I think you’ve got a lot of the core idea. But it’s not important that we know that the data point has some ranking within a distribution. Let me try and explain the ideas as I understand them.
The unbiased estimator is unbiased in the sense that for any actual value of the thing being estimated, the expected value of the estimation across the possible data is the true value.
To be concrete, suppose I tell you that I will generate a true value, and then add either +1 or −1 to it with equal probability. An unbiased estimator is just to report back the value you get:
E[estimate(x)] = estimate(x + 1)/2 + estimate(x − 1)/2
If the estimate function is identity, we have (x + x +1 −1)/2 = x. So its unbiased.
Now suppose I tell you that I will generate the true value by drawing from a normal distribution with mean 0 and variance 1, and then I tell you 23,000 as the reported value. Via Bayes, you can see that it is more likely that the true value is 22,999 than 23,001. But the unbiased estimator blithely reports 23,000.
So, though the asymmetry is doing some work here (the further we move above 0, the more likely that +1 rather than −1 is doing some of the work), it could still be that 23,000 is the smallest of the values I sampled.

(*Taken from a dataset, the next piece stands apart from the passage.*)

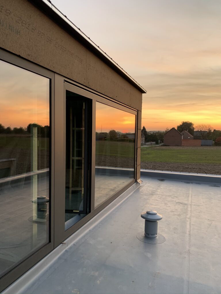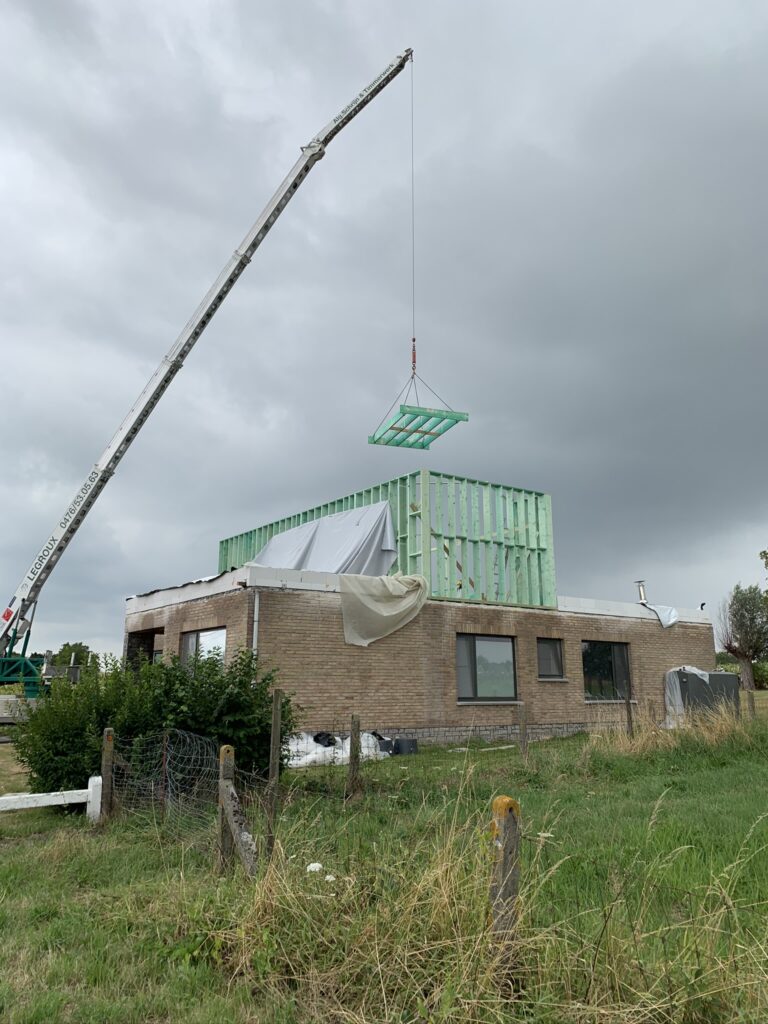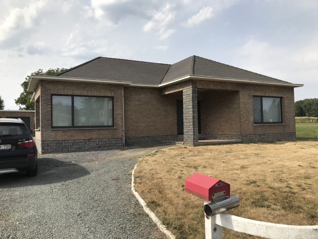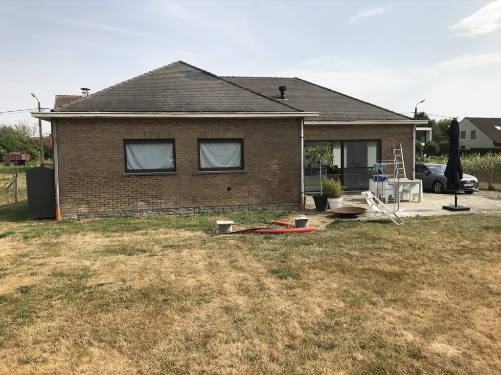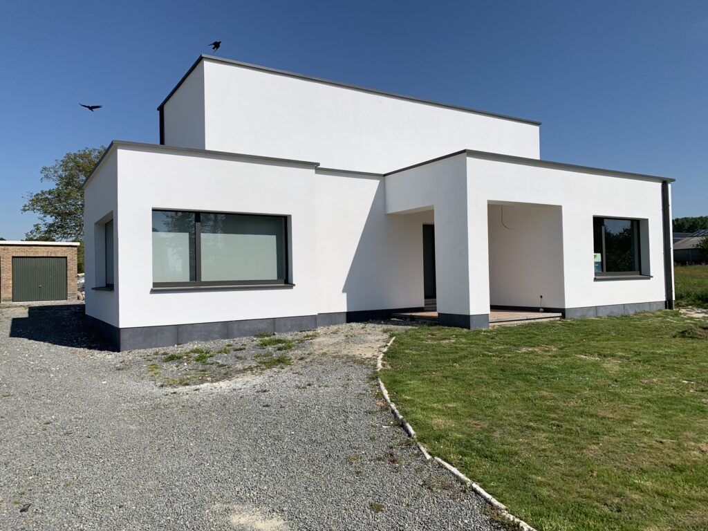Deze eengezinswoning onderging een totaaltransformatie: het hellend dak werd vervangen door een verdieping in houtskelet met plat dak, de bakgoot werd gewijzigd naar een strakke dakrand en de gevel werd afgewerkt met gevelpleister op isolatie.
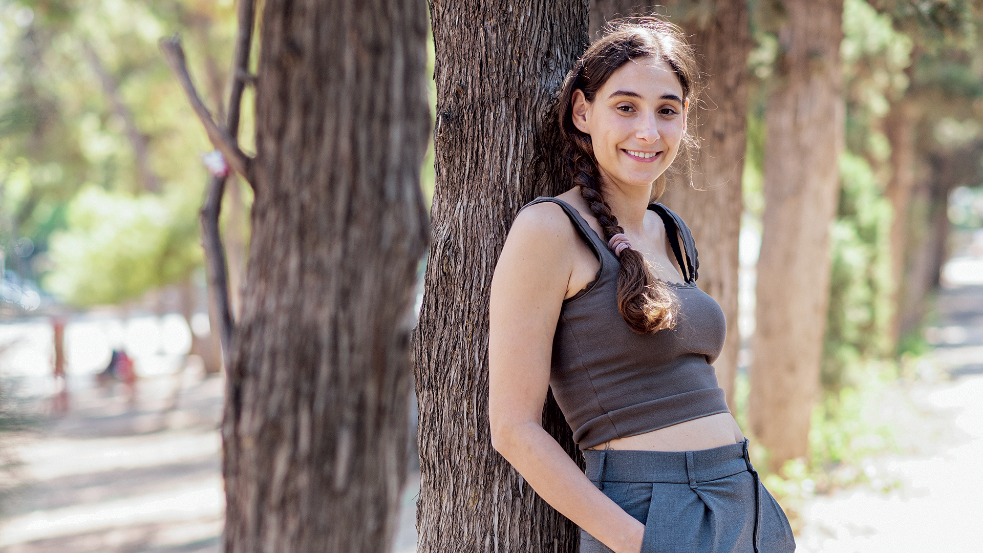 Συνάντησα τη Φωτεινή Αθερίδου στη γειτονιά της μέσα στο καταπράσινο Άλσος Νέας Σμύρνης. Αυτή η φυσική όαση είναι το προσωπικό της καταφύγιο. Σχεδόν καθημερινά τη βρίσκεις εδώ, είτε με τα παιδιά της –τον πεντάχρονο Θοδωρή και τον 16 μηνών Ηρακλή– για παιχνίδι στις κούνιες, είτε μόνη της, να αναζητά γαλήνη μέσα από βόλτες, τρέξιμο και γυμναστική. «Έρχομαι εδώ για να αποσυμφορούμαι», μου λέει. Με δύο μικρά παιδιά στο σπίτι και μια φιλόδοξη θεατρική παραγωγή στα σκαριά, η ησυχία είναι μια σπάνια πολυτέλεια πλέον για τη Φωτεινή. «Το να είμαι μητέρα με έχει ολοκληρώσει», παραδέχεται. «Μέχρι να κάνω παιδιά, δεν καταλάβαινα τι είναι αγάπη. Έλεγα “σ’ αγαπώ”, αλλά δεν ήξερα τι σημαίνει πραγματικά. Τώρα η αγάπη γιγαντώνεται και μπορώ να τη μοιράζομαι απλόχερα».

“So, though the asymmetry is doing some work here (the further we move above 0, the more likely that +1 rather than −1 is doing some of the work), it could still be that 23,000 is the smallest of the values I sampled”—That’s very interesting.

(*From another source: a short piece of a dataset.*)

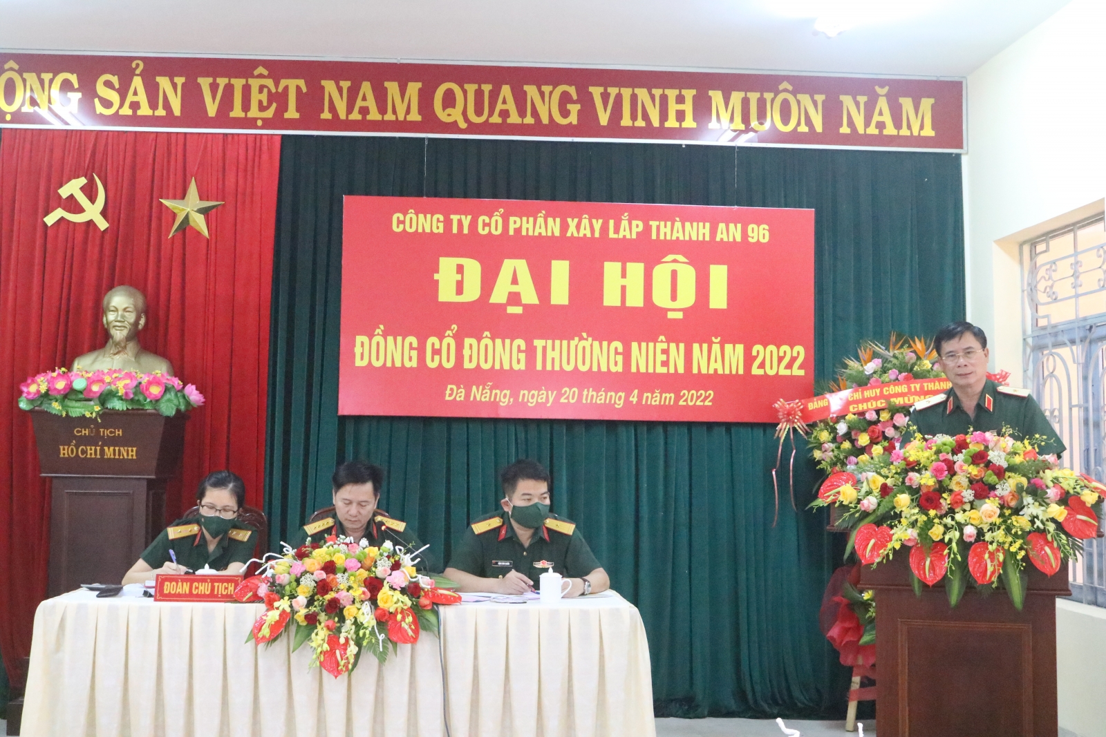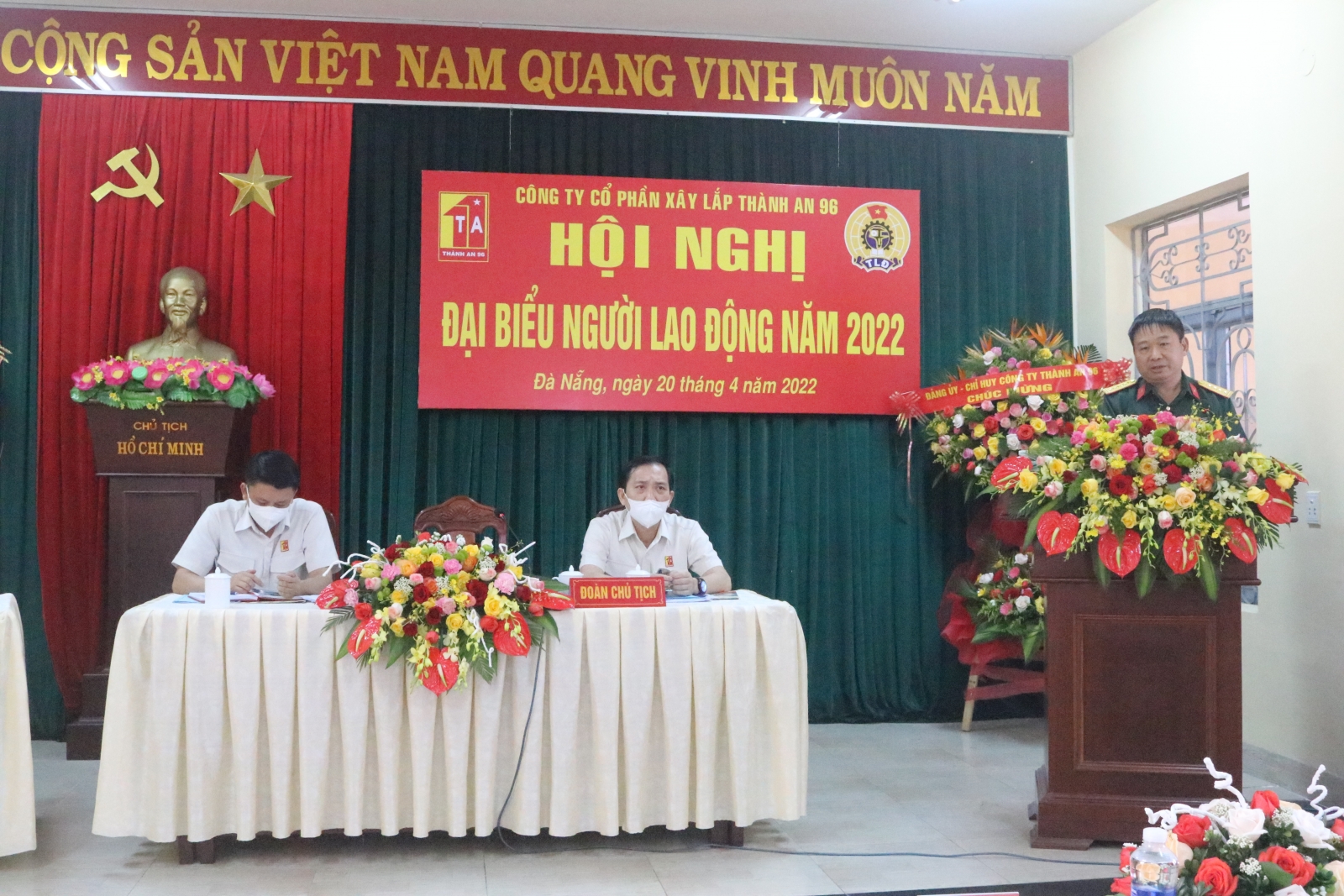 Được sự chấp thuận của Hội đồng thành viên Tổng Công ty Thành An. Theo chương trình, kế hoạch. Sáng ngày 20/4/2022, tại thành phố Đà Nẵng, Công ty Cổ phần xây lắp Thành An 96, tổ chức Đại hội đồng cổ đông thường niên năm 2022. Đến dự và chỉ đạo Đại hội có đồng chí Thiếu tướng Nguyễn Quốc Dũng- Chủ tịch Hội đồng Thành viên Tổng Công ty Thành An- Tư lệnh Binh đoàn 11, thay mặt cho Thường vụ Đảng ủy, BTL Binh đoàn, đại diện chủ sở hữu phần vốn nhà nước tại Công ty CPXL Thành An 96 và có các đồng chí đại biểu Đại diện cơ quan Tổng Công ty. Tham dự Đại hội còn có các đ/c trong HĐQT, Ban Giám đốc; Đảng ủy, Ban Kiểm soát Công ty, đại diện Công ty tư vấn chứng khoán Ngân hàng công thương Việt Nam và các cổ đông đại diện cho 903 cổ đông trong Công ty có mặt đầy đủ theo đăng ký.

So I looked at the definition on Wikipedia and it says: “An estimator is said to be unbiased if its bias is equal to zero for all values of parameter θ.”
This greatly clarifies the situation for me as I had thought that the bias was a global aggregate, rather than a value calculated for each value of the parameter being optimised (say basketball ability). Bayesian estimates are only unbiased in the former, weaker sense. For normal distributions, the Bayesian estimate is happy to underestimate the extremeness of values in order to narrow the probability distribution of predictions for less extreme values. In other words, it is accepting a level of bias in order to narrow the range.